Si tratta di un rischio serio e imminente? Se si guarda all'Austria si direbbe di no: il rapporto debito pubblico/pil è al 75%, i conti sono solidi. Eppure anche Vienna è sotto attacco. Ma questa evidente assurdità rende plausibili le voci, circolate un anno e mezzo fa e riportate dal Wall Street Journal, su un incontro avvenuto ai primi di febbraio del 2010 a New York tra un pugno di hedge fund, tra cui i colossi Sac Capital Advisors e Soros Fund Management, che avrebbero deciso, ispirati da Goldman Sachs, di puntare sulla parità euro-dollaro.

Guarda caso, pochi giorni dopo George Soros dichiarò pubblicamente che se i Paesi dell'Ue non avessero messo a posto i loro conti pubblici, «l'euro sarebbe andato a pezzi». Si dice da tempo che la speculazione punti proprio a questo risultato. E i parallelismi con la crisi subprime, che ha portato al fallimento di Lehman Brothers nel settembre 2008, cominciano a essere inquietanti. Da quel disastro solo Goldman Sachs, guidata da Lloyd Blankfein, è uscita più forte di prima. Quella stessa Goldman Sachs il cui ex ceo Henry Paulson è stato l'artefice, in qualità di segretario al Tesoro Usa, del salvataggio da 700 miliardi di dollari delle banche americane.

La stessa Goldman Sachs che, secondo l'inchiesta di una commissione del Senato Usa, avrebbe prima gonfiato la bolla dei subprime e poi scommesso contro di essa per lucrare sul crollo del mercato immobiliare americano. Il tutto mentre continuava a confezionare titoli tossici rimpinzati di subprime da sbolognare ad altri più sfortunati clienti.
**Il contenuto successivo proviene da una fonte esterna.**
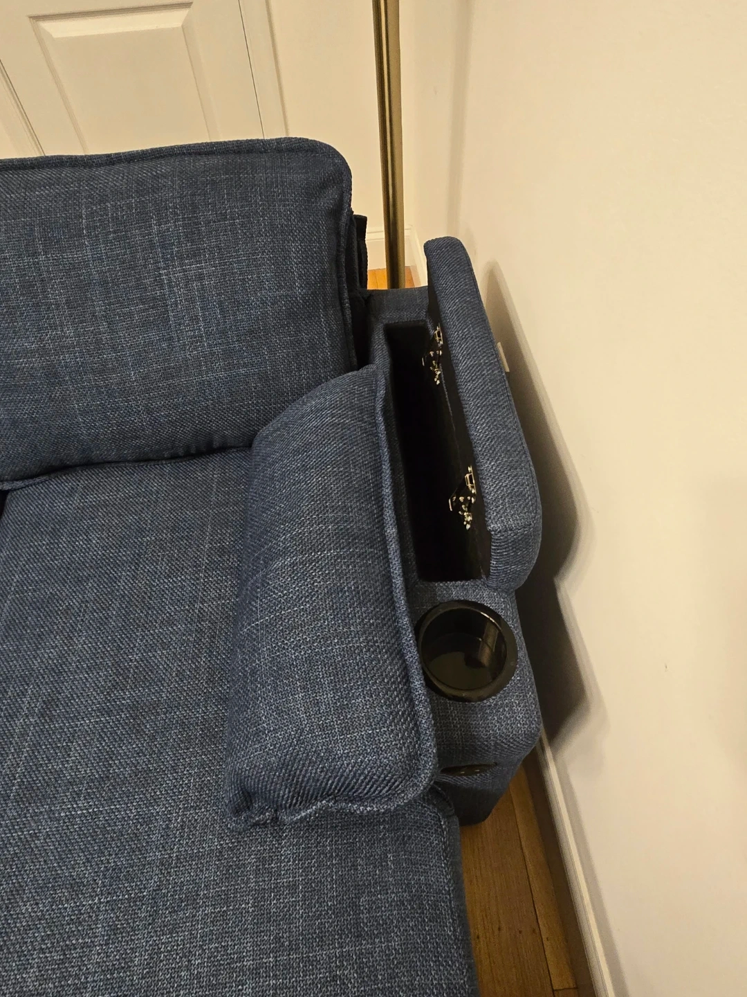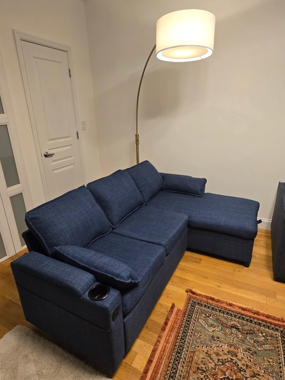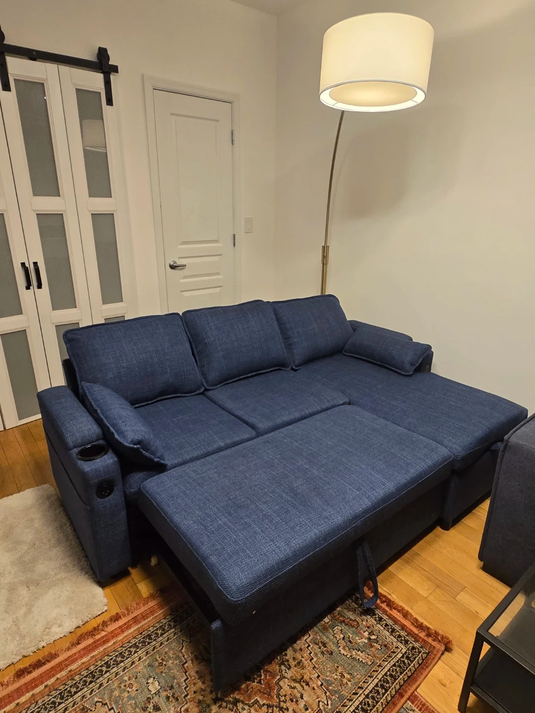 Blue Sectional Sofa Bed with Storage and Cup Holders

Insomma, Goldman gonfia la bolla e guadagna, scommette sul suo scoppio e guadagna, dopodiché si ritrova con un suo uomo, in questo caso Paulson, a rimettere insieme i cocci.

L'eurocaos, si sa, ha avuto origine dal fatto che la Grecia ha truccato i conti per entrare nell'euro e poi ha continuato a farlo per renderli meno disastrosi, fino a quando il gioco è diventato così spudorato da essere scoperto. Goldman Sachs ha offerto la sua consulenza tecnica per il maquillage dei conti, dopodiché è diventato premier, fortemente voluto dai mercati, Lucas Papademos, consulente di Goldman Sachs e governatore della Banca centrale greca ai tempi dei primi trucchi.

Altro uomo chiave della crisi è il presidente del consiglio incaricato Mario Monti, anch'egli consulente di Goldman dal 2005. Per non parlare del presidente della Bce, Mario Draghi, che dal 2002 al 2005 è stato vicepresidente di Goldman Sachs per l'Europa. Se venisse seguito il copione dei subprime, sarebbe tutto perfetto: Goldman gonfia la bolla dell'euro, aiutando un Paese sull'orlo del fallimento come la Grecia a entrarvi, poi scommette sulla sua fine e si trova come per caso uomini a lei vicini nei punti di snodo della crisi: la Bce, l'Italia e la Grecia. Coincidenze che fanno pensare. Detto questo, Goldman non ha l'obiettivo politico di distruggere l'euro.

L'unico suo obiettivo è quello di fare profitti. E poco importa in che modo essi vengono realizzati, se a danno di uno Stato o di una grande azienda. Goldman attacca l'euro perché non ha difesa. La riforma del Fondo salva-Stati (Efsf) rischia di slittare ancora, mentre la Bce non è prestatore di ultima istanza a causa dell'opposizione della Germania, la cui rigidità fa paradossalmente il gioco degli speculatori. Secondo Romano Prodi, Goldman e le sue sorelle dispongono di una potenza di fuoco di almeno 12 mila miliardi di dollari, mentre Eurolandia risponde con piani di austerità che la mandano in recessione. La partita è troppo facile, è naturale che Goldman la giochi fino in fondo.